Durante a etnografia que embasou minha tese “Homo resiliens” e meu livro “Ageing with Smartphones in Urban Brazil”, aprendi que três situações tiram as pessoas idosas do sério. A primeira é quando alguém se dirige a elas gritando, como se tivessem déficit auditivo. A segunda é quando esse alguém começa a falar bem devagar, como se elas tivessem algum déficit cognitivo. A terceira é quando o interlocutor usa tom ou termos que as infantilizam.
Podemos colocar essas atitudes na conta do idadismo. Mas é preciso entender que o idadismo não é apenas preconceito. É resultado de uma economia de atenção que pauta a vida em sociedade. Isso porque o idadismo opera a partir do mecanismo de estigma.
Em “Estigma: Notas Sobre a Manipulação da Identidade Deteriorada”, Goffman relembra que, entre os gregos, estigmas eram marcas físicas que permitiam a identificação de uma pessoa no espaço público. Essas marcas implicavam uma economia classificatória no olhar já que seu reconhecimento automaticamente acionava a conduta social esperada em relação àquela pessoa. E assim eram marcados ladrões, escravos e profissionais do sexo.
Atualizados, os estigmas vão além da marca física. Eles também são construídos culturalmente.
A cultura nos poupa o trabalho de ler o outro e emitir um juízo de valor construído do zero (é esse “ajuizamento partilhado” que o estigma automatiza). Mais do que isso, ela define o que será estigmatizado em uma dada sociedade e época.
Ainda que a idade vivenciada subjetivamente tenda a ser bem menor que a cronológica (daí a máxima de Marc Augé de que “todos morreremos jovens”), o envelhecimento se mostra naturalmente no corpo e assim se põe à vista do outro, quando o estigma da velhice é acionado. Na economia do olhar, e porque o idoso foi historicamente construído como incapaz e dependente, a conduta social é prontamente ajustada, resultando nos berros, na fala pausada ou no tom que infantiliza a pessoa idosa.
Além disso, o estigma é perverso porque reduz toda a identidade do sujeito a um único traço estigmatizado culturalmente. Por esse motivo, vejo a mudança da terminologia “idoso” para “pessoa idosa” com bons olhos. Afinal, ser idosa é apenas uma das características da pessoa idosa, não menos complexa em sua subjetividade e identidade.

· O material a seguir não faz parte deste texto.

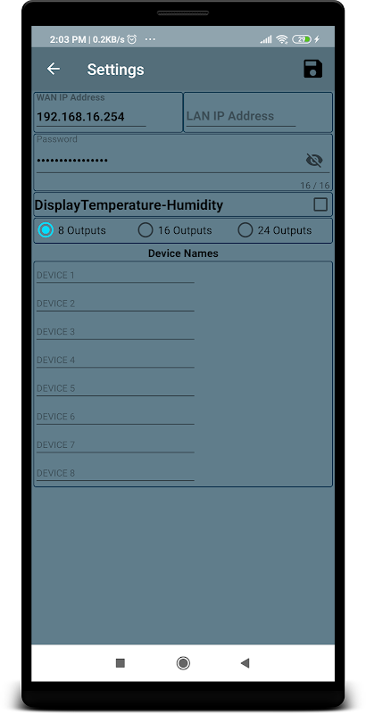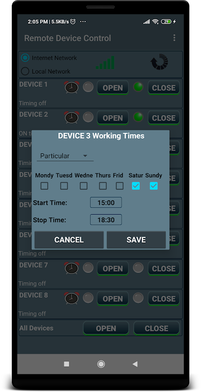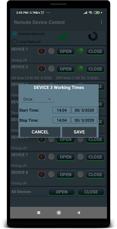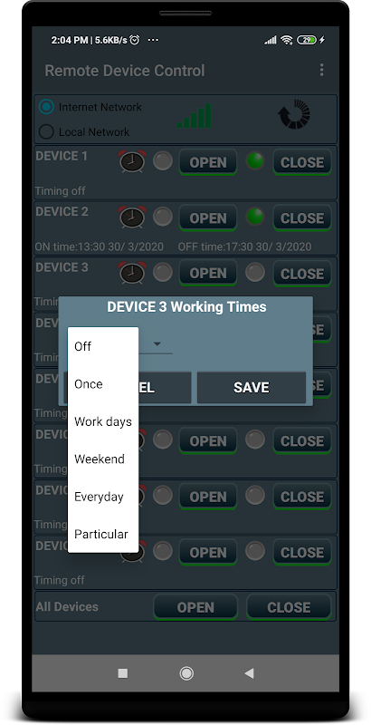 You can control your 8-16-24 channel relays over internet/network with Android App. You can set the operating hours of the relays independently(For 8 channel).

E por que estou escrevendo sobre isso agora?
Porque frequentemente analiso apresentações de startups e empresas voltadas para o público idoso. E me chama a atenção a questão da estigmatização da pessoa idosa pelas imagens, principalmente aquelas que visam ilustrar os usuários idosos de tecnologia. Elas me parecem infantilizadas: ora como crianças defrontadas com um quebra-cabeça insolúvel, ora como crianças que acabaram de abrir o presente de Natal. E por que isso importa? Porque as imagens materializam valores e visões de mundo. Porque elas educam para e perpetuam esses valores. Porque elas criam o referencial que pauta nossa economia do olhar. Porque imagens podem retroalimentar estereótipos (como de que tecnologia é para jovens) e, por isso, não devem ser tratadas com ingenuidade.